O caso veio à tona quando a Polícia Civil de Goiás apreendeu, em 18 de setembro de 2014, um avião que carregava R$ 500 mil e material de campanha do governador no município de Piracanjuba, a 87 km de Goiânia. Na ocasião, foram presas quatro pessoas ligadas ao governador. Em depoimento, um deles confirmou a ligação do dinheiro com a campanha eleitoral.

“No calor dos acontecimentos, no momento da prisão, os envolvidos afirmaram haver relação direta entre o dinheiro apreendido e a campanha do governador”, afirmou em seu voto o presidente do TSE, ministro Luiz Fux.

CONTAS BLOQUEADAS

A partir daí, as investigações do Ministério Público identificaram que o dinheiro fazia parte de um empréstimo obtido “por influência” do irmão do governador e que foi pago em 12 cheques assinados por duas empresas de Brasília.

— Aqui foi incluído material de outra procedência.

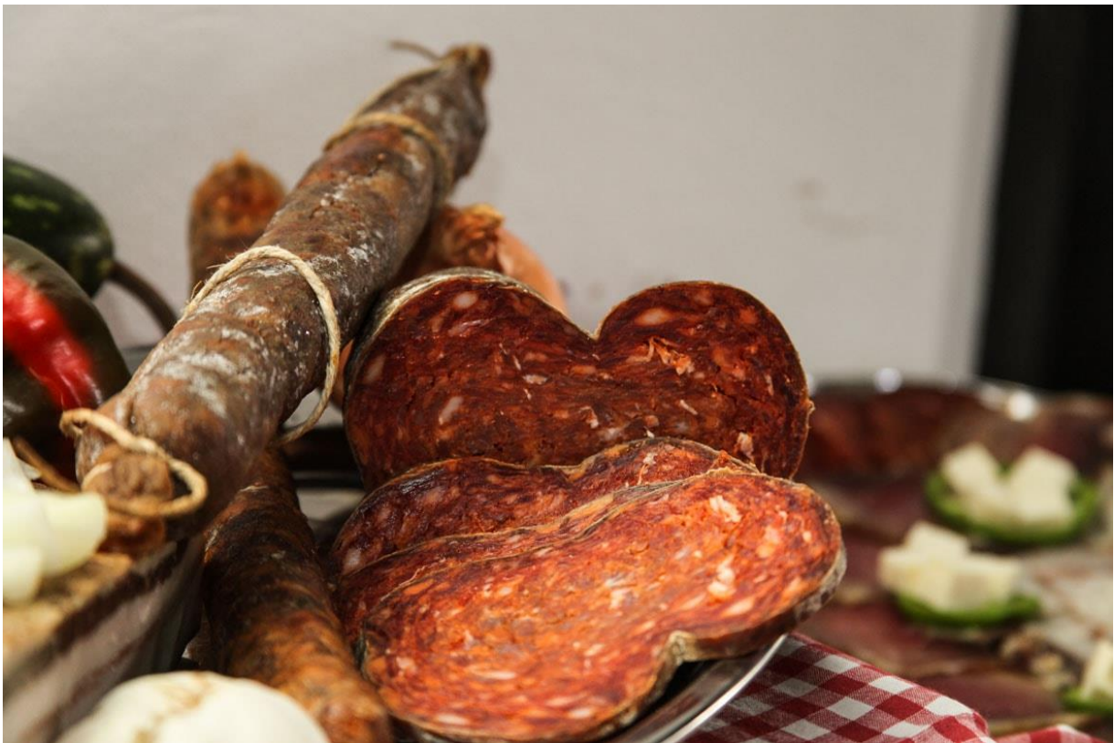
Slika 2. Gastronomija Acinog Salaša

Posjetitelji Acinog Salaša mogu se okušati u tradicionalnim aktivnostima poput svinjokolje, pečenja rakije i sl. Salaš također ima restoran koji u svojoj unutrašnjosti prima 70-ero ljudi, a uz terasu restorana broj ljudi koji se može primiti je 250. Jela se pripremaju u starim krušnim pećicama na tradicionalan način, a moguće je okusiti vina te rakiju šljivovicu. Ono što se izdvaja iz tradicionalne gastronomije masni je kruh, čvarnjače, kiflice, švargl, krvavica, čvarci, kulen, kobasica, šunka, slanina od domaće crne slavnoske svinje, šokačka kokošja juha, juha od rajčice, kisela čorba, čobanac te fiš paprikaš (topdestinacije.hr / Acin Salaš tradicionalno šokačko imanje u Tordincima). Slika 2. prikazuje gastronomiju Acinog Salaša.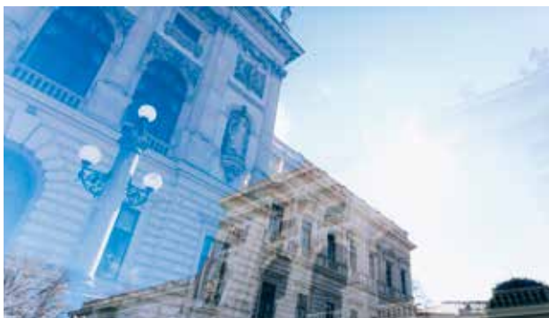
Uni Graz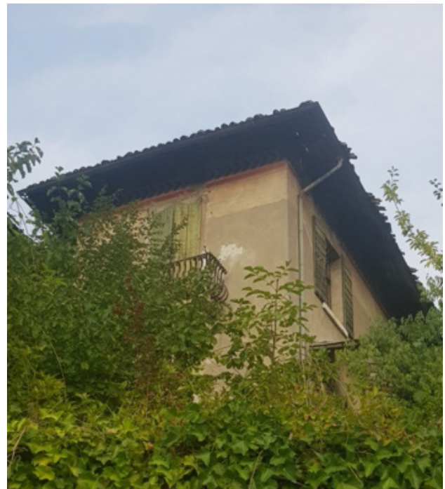
Figura 11. Casa del matrimonio Depero en viale Dei Colli 38.

Al igual que sucede con la prodigiosa obra de Fortunato Depero, los espacios y lugares vinculados al artista se multiplican más allá de los institucionalizados. La ciudad y sus alrededores contienen muchos más espacios vinculados a su vida y obra. Probablemente el más importante sea el inmueble de viale Dei Colli 38, que fue la vivienda y estudio en el que más tiempo vivió el matrimonio Depero. Ubicada entre la ciudad y el valle del Terragnolo, actualmente la casa se encuentra muy deteriorada ya que está abandonada desde hace años y su estructura además fue dañada por un incendio en 2012. La idea del ayuntamiento es rehabilitarla, pero hasta la fecha no hay un programa establecido. Lo que es cierto es que el recorrido vinculado a la casa de Via dei Colli nos traslada la idea de la comunión de la vivienda con el entorno que el artista destacó en todas sus propuestas artísticas.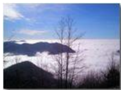
Mar Ligure: nuova versione

Pietro Marcheselli - Canon Ixus 980 IS 2013 - Inverno - Savignone - Panorami

Na época, Miranda estava com suas contas bloqueadas em razão de irregularidades em mandato anterior como governador, em 2003, e estaria usando contas bancárias de laranjas para movimentar grandes quantias de dinheiro.

De acordo com a investigação, os líderes de campanha do governador coordenaram a operação financeira que fez com que os valores dos cheques fossem distribuídos a diversas contas bancárias e, posteriormente, sacados para dar aparência de legalidade às transações que abasteceram o caixa dois da campanha.

No julgamento de ontem, os ministros Luís Roberto Barroso, Rosa Weber, Admar Gonzaga e Jorge Mussi seguiram o presidente da Corte, ficando vencidos os ministros Napoleão Maia e Luciana Lóssio. Como o ministro Tarcísio Meira ocupa a cadeira que era da ministra Luciana, ele não votou. Apenas o ministro Jorge Mussi abriu divergência sobre a questão das conversas de WhatsApp e entendeu que as provas seriam ilícitas.